I also added a bit of the mixed dark green to this one:
I stopped by a Hobby Lobby (a big craft/art supply chain) on my way back to look for frames for the small four-selvedge pieces... didn't find any but did find a couple of brushes that I just had to have. My brush stock, as I've mentioned earlier, mostly consists of hardware store paint brushes, foam brushes, and a few that have been with me since undergraduate days... that are like sticks now. I've got several quite expensive and wonderful watercolor brushes that are a joy to use but I certainly don't want to subject them to what I'm doing with the acrylic paint! Anyway, a couple of brushes, a bottle of gesso, and a product that says it will take out hardened acrylic paint later (guess those old brushes are going to have a deep cleaning bath, huh?) I'm back here at Hambidge.
I spent the afternoon with revisions on submissions for the next version of the Stonepile Writers Anthology. I was fortunate to have a couple of poems published in the last one but this time around I'm submitting three short essays. I have my "technology table" here, can't get online until I take either my MacBook or my iPad to the Rock House--but here's the way it all looks. Just bought the printer at the local "it shall not be named store"... an HP that will work wirelessly with my iPad... how happy was I with the first thing it printed from its wireless small network between the iPad and the printer...?... pretty darn happy! Yes, the printer is too large to travel with easily but then I've got a way to get images and text from my iPad into hard copy. So there!
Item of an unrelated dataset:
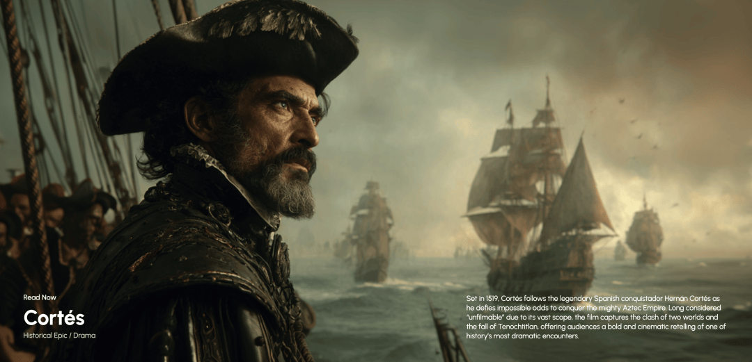 一张是被好莱坞称为“史上最难拍史诗巨作”、素来是好莱坞呼声最高、但一直排名未拍摄电影前10的《科尔特斯》(Cortés)。这部电影之所以难拍,是因为它用传统电影制作的方式成本太高太高,但手握技术并不惧怕的Utopai为其邀请来了奥斯卡提名编剧Nicholas Kazan执笔,并邀请了好莱坞名列49的概念设计师Kirk Petruccelli来执导。

This afternoon after getting the submissions done, driving into town to the P.O. to mail something to my husband, I decided that I'd finally again weave a bit... so here's the continuing saga of the landscape tapestry on the frame loom:
I have no cartoon for it but am looking around at the several landscape paintings as the design basis. It's 8" wide at 10 epi; I'm using 5-fold of 20/2 wool (Fine Fiber Press ELF yarn). I'll probably weave at least 8" high and maybe more... have enough warp on the loom to do about 14"... so I'll see how tall the clouds and sky will want to be as I get to them!